Christian Walk #4: Special topics – God’s Leading & Freedom


This is quite an important topic as most all Christians believe God leads in some manner. However, how He exactly directs us remains controversial.

To discover how God leads we should again consider scripture, because this is the source of truth (2 Timothy 3:16; 2 Peter 1:20-21; 2 Peter 3:16; 1 Thessalonians 2:13). Specifically, we need to consider relevant verses in the epistles because this is the section of the Bible by which God directs Christians.

Other scripture speaks to God’s leadership in the Old Testament and the gospels, but these are for different times, before the church. Now that the revelation is complete, and believers are indwelt and empowered by the Holy Spirit, God’s way of leading differs than earlier times.

How does God lead Christians in the church age?

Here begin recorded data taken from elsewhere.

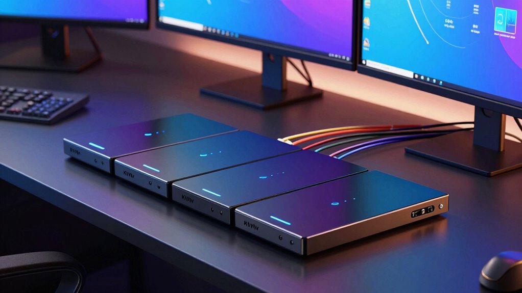 Ever wondered if switching between computers on a premium KVM causes lag? Honestly, I’ve found that high-end KVM switches are designed to minimize latency, often making switching virtually seamless. While some minor delays might occur, they’re usually so quick that they don’t impact my workflow. For the most part, these switches deliver smooth, real-time progressions, ensuring I stay efficient without feeling any noticeable lag.
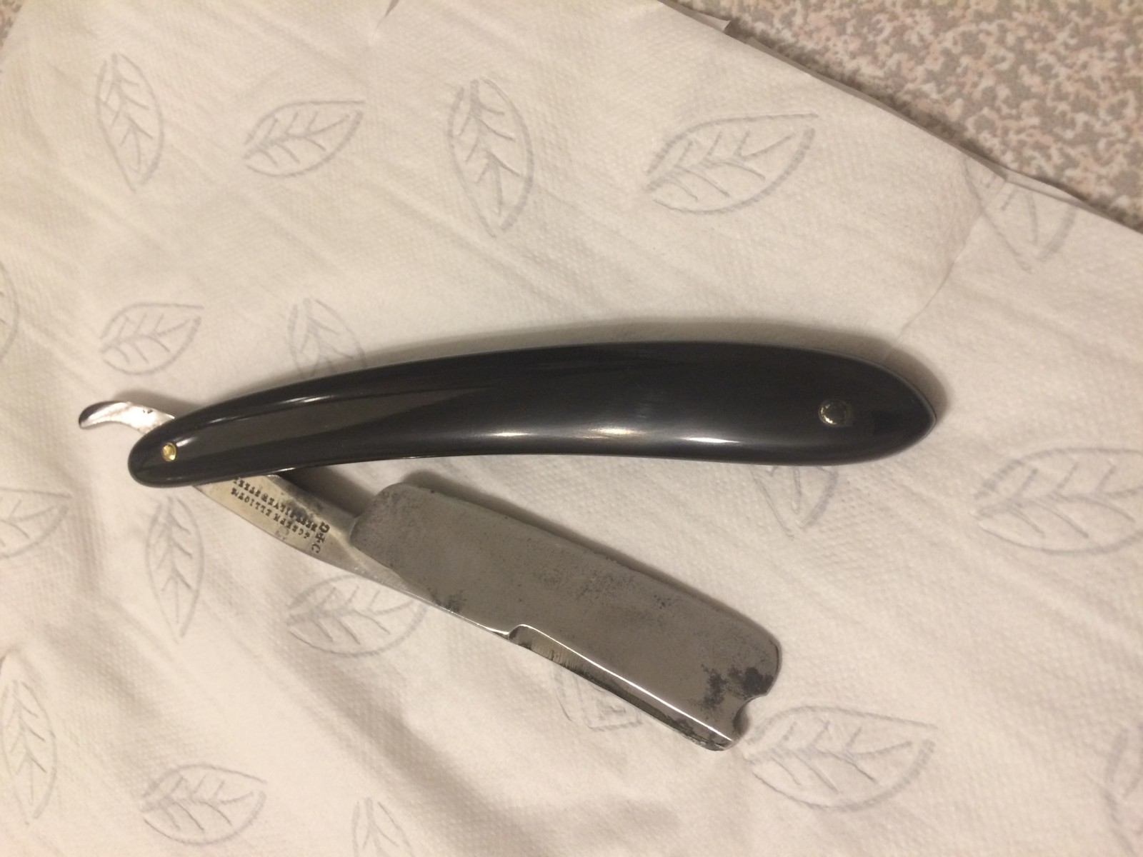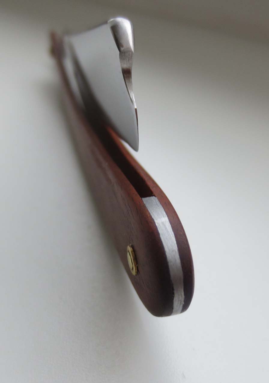 Француз бесхвостый DOMMANGET. По всей видимости 19-й век.Под осевым пином был ещё один штамп, но забыл сделать фото. Родная роговая оправа, в идеальном состоянии.. Родные стальные пины удалось сохранить и снова поставить. Только внутренние шайбы установил дополнительно. Очень приятная бритва и достаточно тяжёлая. Кромочка получилась очень ровная, на удивление. Патину в районе эрля не стал убирать, чтобы не стереть до конца штамп. Он и до реставрации плохо просматривался.. до Spoiler Show Spoiler Show Всё будет ХОРОШО...тел:+79065827134
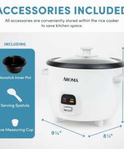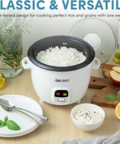 AROMA Rice Cooker. 3-Cup (Uncooked) / 6-Cup (Cooked). Small Rice Cooker. Oatmeal Cooker. Soup Maker. Auto Keep Warm. 1.5 Qt. White. ARC-393NG
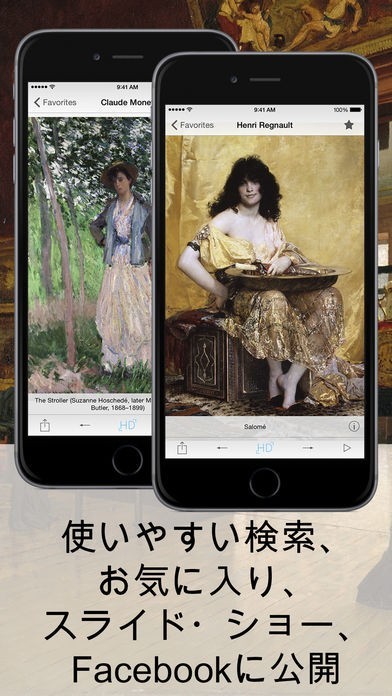 「メトロポリタン美術館 HD」をインストールすれば、アメリカのメトロポリタン美術館の作品をスマホで閲覧できます。iPhoneはもちろん、iPadで閲覧すれば、さらに美しく名画を鑑賞することができます。
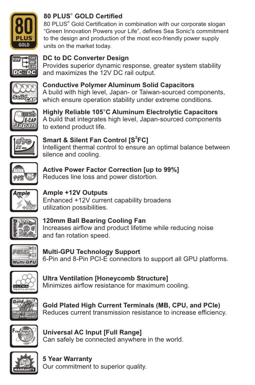 Seasonic told us that ‘The S12G Series is the newest addition to Seasonic’s families of retail products. The S12G Series is designed to support Intel’s Haswell processors, features standard all in one cabling with more SATA cables and is an affordable solution for a wide range of applications. It meets the demands of users who are looking for reliable 80 PLUS Gold performance for gaming and overall usage.”

  • The Bible – God’s leadership for Christians is through two agents, the Holy Spirit and Christ, through one medium, God’s word, the Bible. Let us examine these.
    • Christ – The Bible says in this age God speaks through his Son (Hebrews 1:2). Otherwise, all the previous means to provide revelation, for example angels, dreams, direct messaging, visions, and prophets, are no longer used. Further, God speaks through Christ by His word, revealed in the scripture, which we discuss below.
    • The Holy Spirit – The Spirit guides us by teaching us truth, in other words, what Christ said, (14:6, 16:13) and using His word as a sword to enable us (Ephesians 6:17).
  • Why is God’s word a basis for His leadership? The Bible is truth to us from God. Therefore, the Bible provides a basis of leadership by the Spirit and Christ. The process of how God gave this truth is important in providing a basis of biblical authority:
    • God gave truth to Christ (John 8:40-45; John 14:6).  
    • Christ taught the apostles this truth (John 17:7-8) and especially through the apostle Paul, through the Spirit (2 Timothy 3:16) to complete the knowledge associated with Christ’s first coming (Colossians 1:25; Ephesians 3:5).
    • The apostles, and especially Paul, then taught the truth to the second-generation Christians under apostolic authority (Titus 1:3; 1 Timothy 6:14; 2 Peter 3:2).
    • During the second generation of the church, this truth was written down to provide our canon of scriptures which is the basis of God speaking to us today
  • How does God lead Christians in practice? In short, the Bible does not indicate that God or the Spirit lead us around like a dog on a leash. Importantly, God’s leading is evident not by a moment to moment guiding, it is observed as a result!
    • Scriptural basis of leading – There are two verses in the New Testament that mention being led by the Spirit: (Please see Figure 1 below
      • Romans 8:14 – This verse indicates that those who are led by the Spirit are sons of God. Being a Son of God is demonstrated by being pure and blameless while living in a sinful world (Philippians 2:13-15). In other words, living a Christlike existence in the world shows you are a son of God and so are led by the Spirit.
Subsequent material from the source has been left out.